Segment Start: Given records

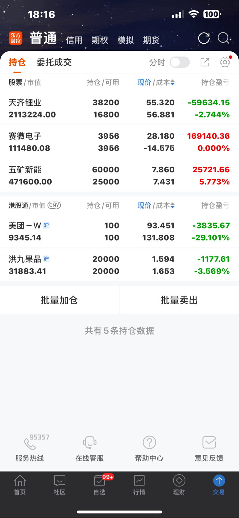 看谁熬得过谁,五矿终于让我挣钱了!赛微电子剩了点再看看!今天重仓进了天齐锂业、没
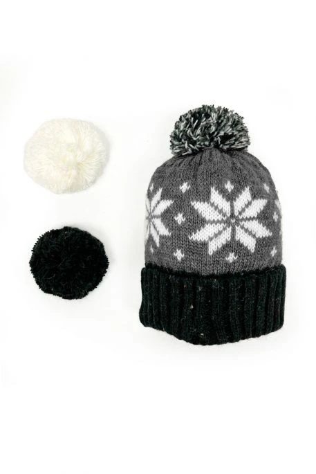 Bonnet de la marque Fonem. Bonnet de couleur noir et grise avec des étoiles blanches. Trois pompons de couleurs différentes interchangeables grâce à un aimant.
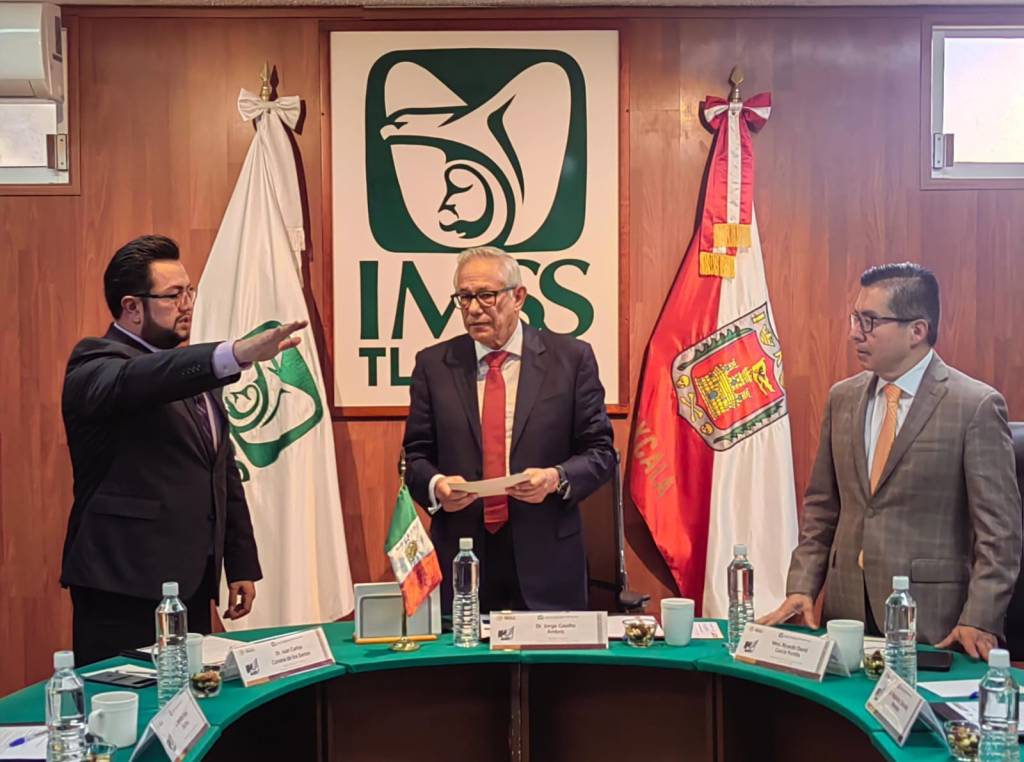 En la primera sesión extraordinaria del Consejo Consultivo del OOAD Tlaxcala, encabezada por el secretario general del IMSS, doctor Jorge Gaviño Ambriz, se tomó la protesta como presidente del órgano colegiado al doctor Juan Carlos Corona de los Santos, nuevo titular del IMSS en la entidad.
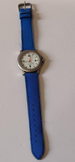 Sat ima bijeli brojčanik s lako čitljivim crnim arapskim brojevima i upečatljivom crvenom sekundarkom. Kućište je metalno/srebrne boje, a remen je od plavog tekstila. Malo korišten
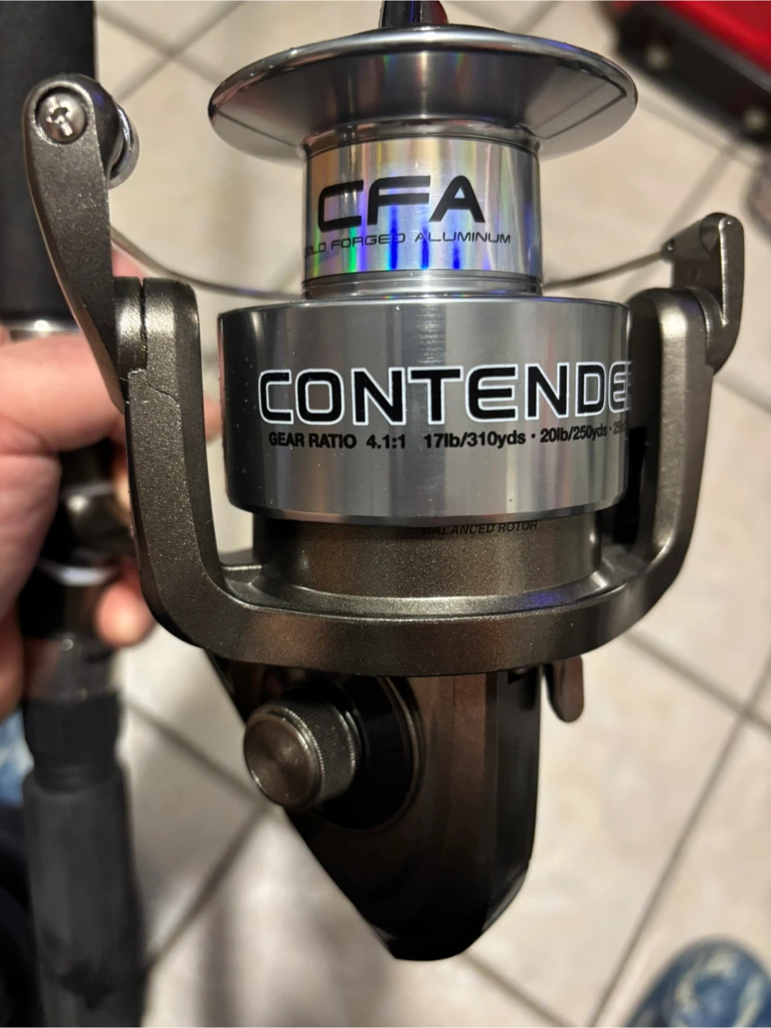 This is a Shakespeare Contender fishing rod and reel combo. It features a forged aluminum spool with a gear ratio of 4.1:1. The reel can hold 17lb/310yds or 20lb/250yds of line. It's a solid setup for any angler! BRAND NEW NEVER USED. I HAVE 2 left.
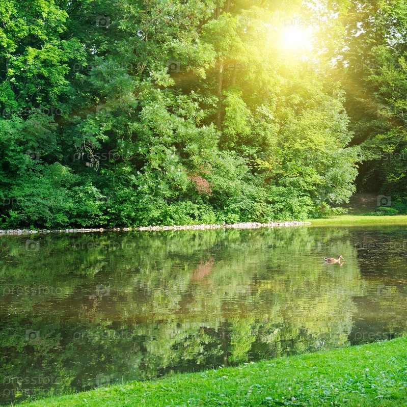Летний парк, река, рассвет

Segment End: Given records
Segment Start: Given records

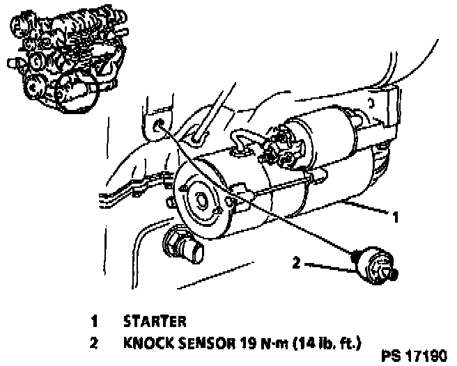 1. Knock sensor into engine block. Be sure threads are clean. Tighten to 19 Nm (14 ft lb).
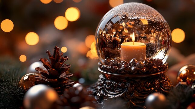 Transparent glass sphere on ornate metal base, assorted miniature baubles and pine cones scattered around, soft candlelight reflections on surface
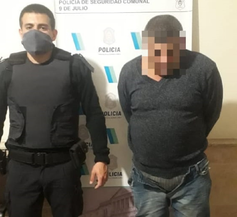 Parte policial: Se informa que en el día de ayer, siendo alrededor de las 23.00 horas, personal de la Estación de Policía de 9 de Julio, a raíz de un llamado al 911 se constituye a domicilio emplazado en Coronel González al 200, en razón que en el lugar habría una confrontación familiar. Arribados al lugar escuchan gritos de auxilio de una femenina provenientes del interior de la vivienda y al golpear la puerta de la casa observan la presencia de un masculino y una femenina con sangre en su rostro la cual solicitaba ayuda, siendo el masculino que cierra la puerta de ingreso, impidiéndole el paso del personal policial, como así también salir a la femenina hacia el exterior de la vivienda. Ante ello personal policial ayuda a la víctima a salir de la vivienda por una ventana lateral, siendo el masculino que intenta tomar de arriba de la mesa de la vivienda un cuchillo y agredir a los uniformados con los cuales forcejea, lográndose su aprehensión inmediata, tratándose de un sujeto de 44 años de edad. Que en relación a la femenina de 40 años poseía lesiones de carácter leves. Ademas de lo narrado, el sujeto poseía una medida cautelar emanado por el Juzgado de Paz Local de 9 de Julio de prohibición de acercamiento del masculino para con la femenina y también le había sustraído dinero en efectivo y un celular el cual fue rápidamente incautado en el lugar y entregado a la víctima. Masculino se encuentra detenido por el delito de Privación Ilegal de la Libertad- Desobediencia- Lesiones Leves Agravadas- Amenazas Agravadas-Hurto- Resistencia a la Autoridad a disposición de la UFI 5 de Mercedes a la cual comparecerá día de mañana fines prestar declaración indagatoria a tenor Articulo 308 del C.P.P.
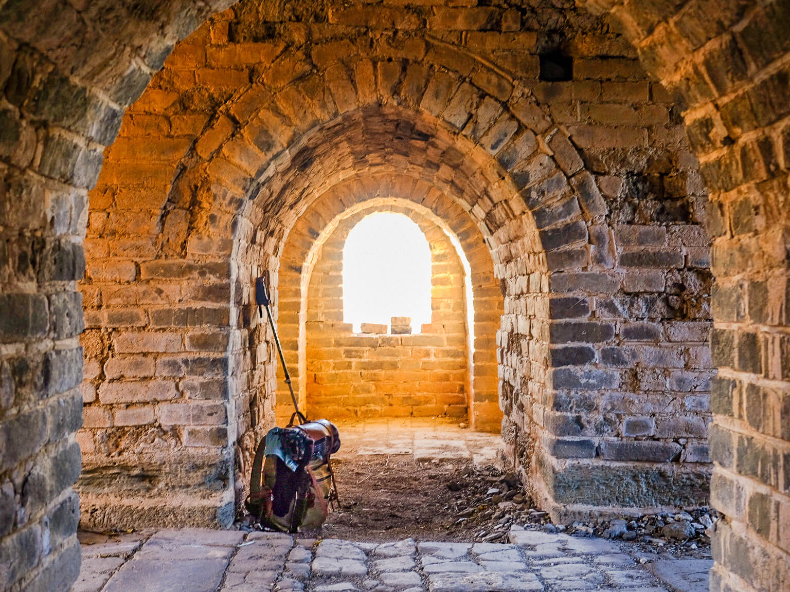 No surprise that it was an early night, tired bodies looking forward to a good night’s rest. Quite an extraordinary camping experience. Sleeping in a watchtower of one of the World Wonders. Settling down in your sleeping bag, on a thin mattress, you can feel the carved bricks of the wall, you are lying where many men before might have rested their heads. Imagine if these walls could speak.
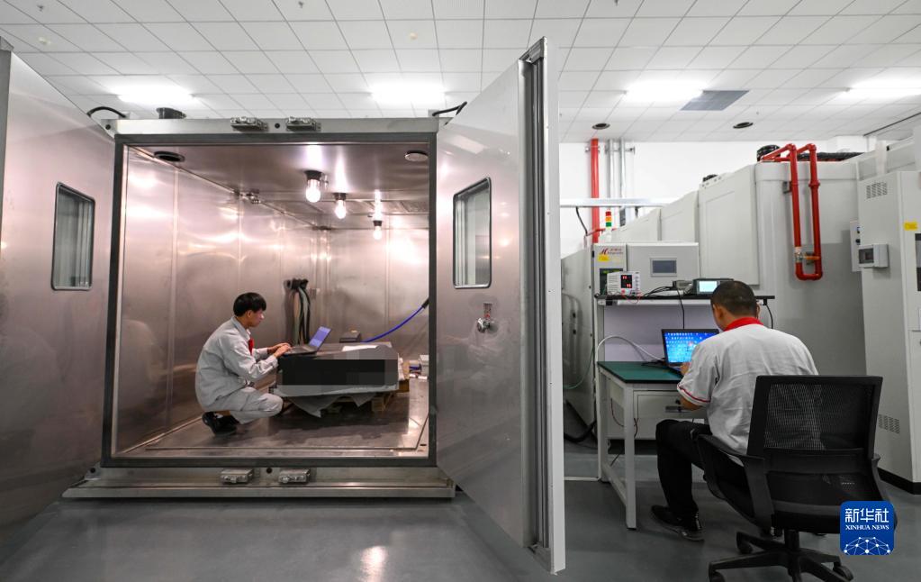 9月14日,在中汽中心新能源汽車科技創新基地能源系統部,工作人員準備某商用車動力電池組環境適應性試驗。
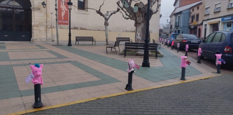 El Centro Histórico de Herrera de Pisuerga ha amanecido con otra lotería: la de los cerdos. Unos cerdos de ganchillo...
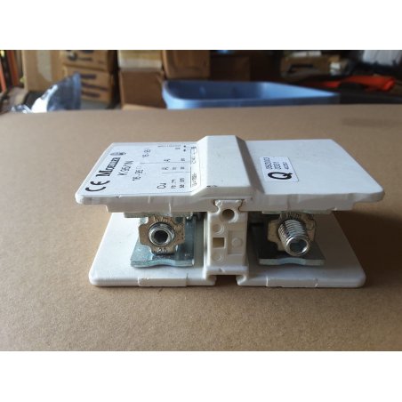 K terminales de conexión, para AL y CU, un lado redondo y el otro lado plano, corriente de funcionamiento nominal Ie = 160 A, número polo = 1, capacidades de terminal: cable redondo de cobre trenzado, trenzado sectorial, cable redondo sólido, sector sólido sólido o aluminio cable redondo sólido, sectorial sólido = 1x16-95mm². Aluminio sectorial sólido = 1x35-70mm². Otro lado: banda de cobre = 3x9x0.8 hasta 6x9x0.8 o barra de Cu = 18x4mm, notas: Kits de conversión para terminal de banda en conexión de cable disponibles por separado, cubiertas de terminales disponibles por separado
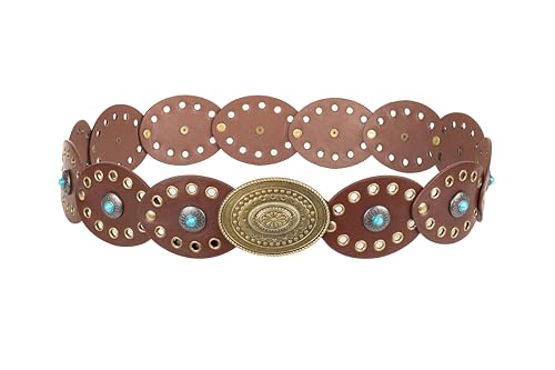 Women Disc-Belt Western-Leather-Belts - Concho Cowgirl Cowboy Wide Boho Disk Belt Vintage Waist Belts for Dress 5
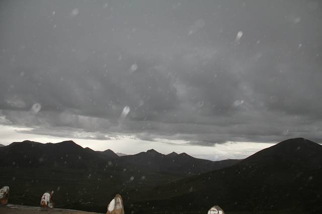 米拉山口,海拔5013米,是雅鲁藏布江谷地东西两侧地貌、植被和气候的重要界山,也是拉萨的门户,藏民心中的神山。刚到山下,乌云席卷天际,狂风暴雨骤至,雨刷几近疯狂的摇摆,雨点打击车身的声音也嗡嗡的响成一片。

Segment End: Given records
Segment Start: Given records

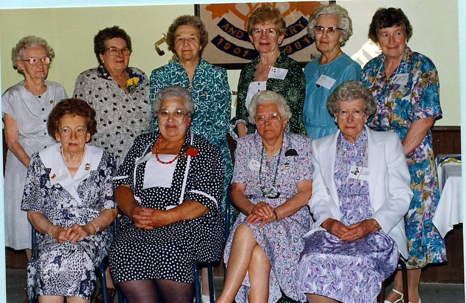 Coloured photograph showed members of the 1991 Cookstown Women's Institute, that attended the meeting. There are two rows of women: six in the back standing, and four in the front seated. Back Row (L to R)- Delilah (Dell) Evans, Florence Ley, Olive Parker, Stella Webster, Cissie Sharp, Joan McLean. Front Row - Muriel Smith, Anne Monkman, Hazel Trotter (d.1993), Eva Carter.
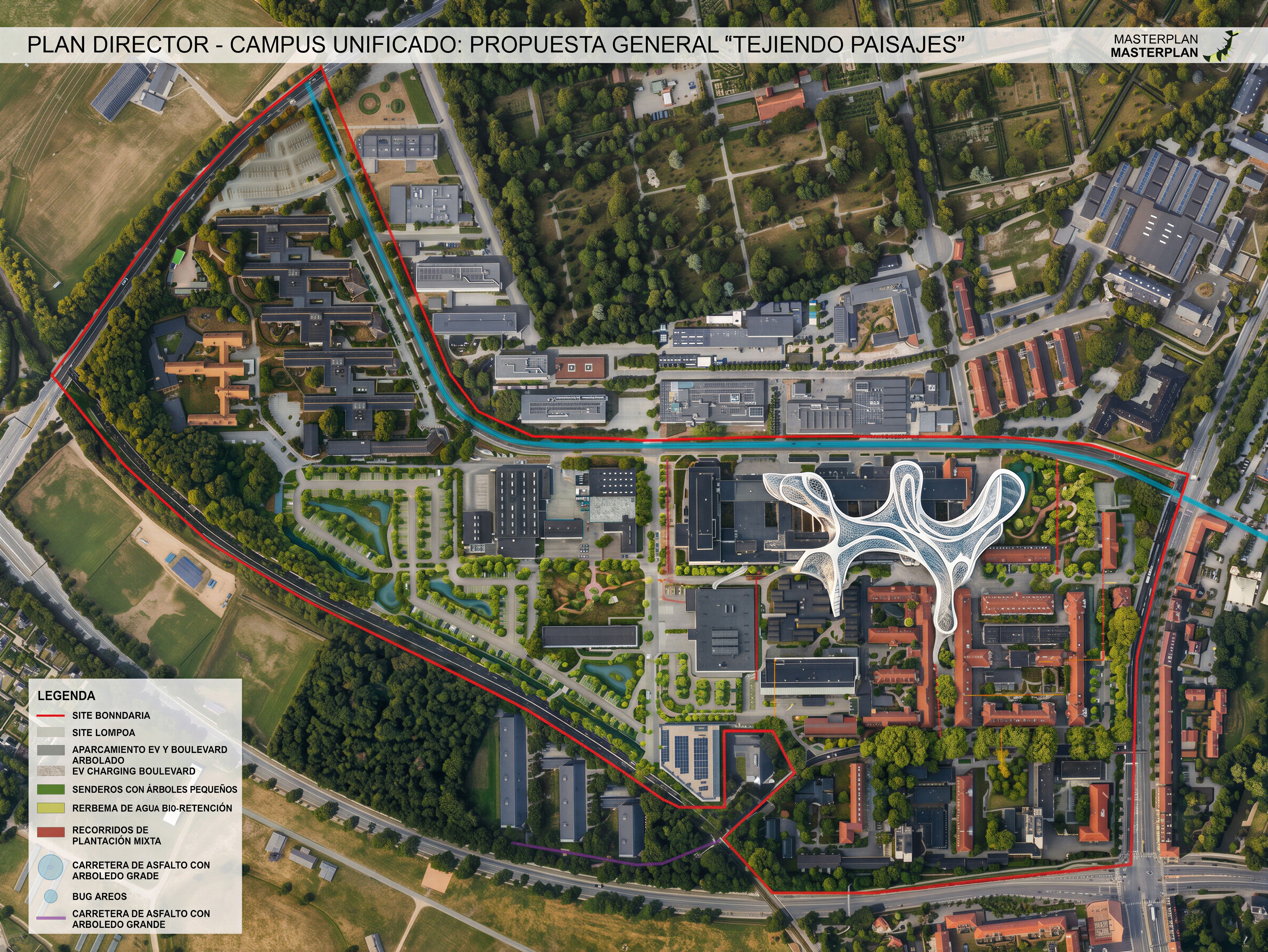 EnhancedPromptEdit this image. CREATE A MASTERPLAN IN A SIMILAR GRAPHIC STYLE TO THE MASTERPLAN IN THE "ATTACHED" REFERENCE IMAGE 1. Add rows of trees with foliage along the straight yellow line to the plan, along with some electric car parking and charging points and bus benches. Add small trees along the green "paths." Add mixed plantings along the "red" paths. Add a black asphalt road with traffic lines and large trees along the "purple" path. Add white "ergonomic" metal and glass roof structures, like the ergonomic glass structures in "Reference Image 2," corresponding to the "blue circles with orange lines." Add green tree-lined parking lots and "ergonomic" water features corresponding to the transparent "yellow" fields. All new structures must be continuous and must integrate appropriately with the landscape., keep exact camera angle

Segment End: Given records

• [Required action]:
Only the lines starting at the one with "En la primera" and ending at the one with "Летний парк, река, рассвет" should be printed, each exactly as it appears in the material above; the pictures are to be omitted.

• [Solution for this task]:
 En la primera sesión extraordinaria del Consejo Consultivo del OOAD Tlaxcala, encabezada por el secretario general del IMSS, doctor Jorge Gaviño Ambriz, se tomó la protesta como presidente del órgano colegiado al doctor Juan Carlos Corona de los Santos, nuevo titular del IMSS en la entidad.
 Sat ima bijeli brojčanik s lako čitljivim crnim arapskim brojevima i upečatljivom crvenom sekundarkom. Kućište je metalno/srebrne boje, a remen je od plavog tekstila. Malo korišten
 This is a Shakespeare Contender fishing rod and reel combo. It features a forged aluminum spool with a gear ratio of 4.1:1. The reel can hold 17lb/310yds or 20lb/250yds of line. It's a solid setup for any angler! BRAND NEW NEVER USED. I HAVE 2 left.
Летний парк, река, рассвет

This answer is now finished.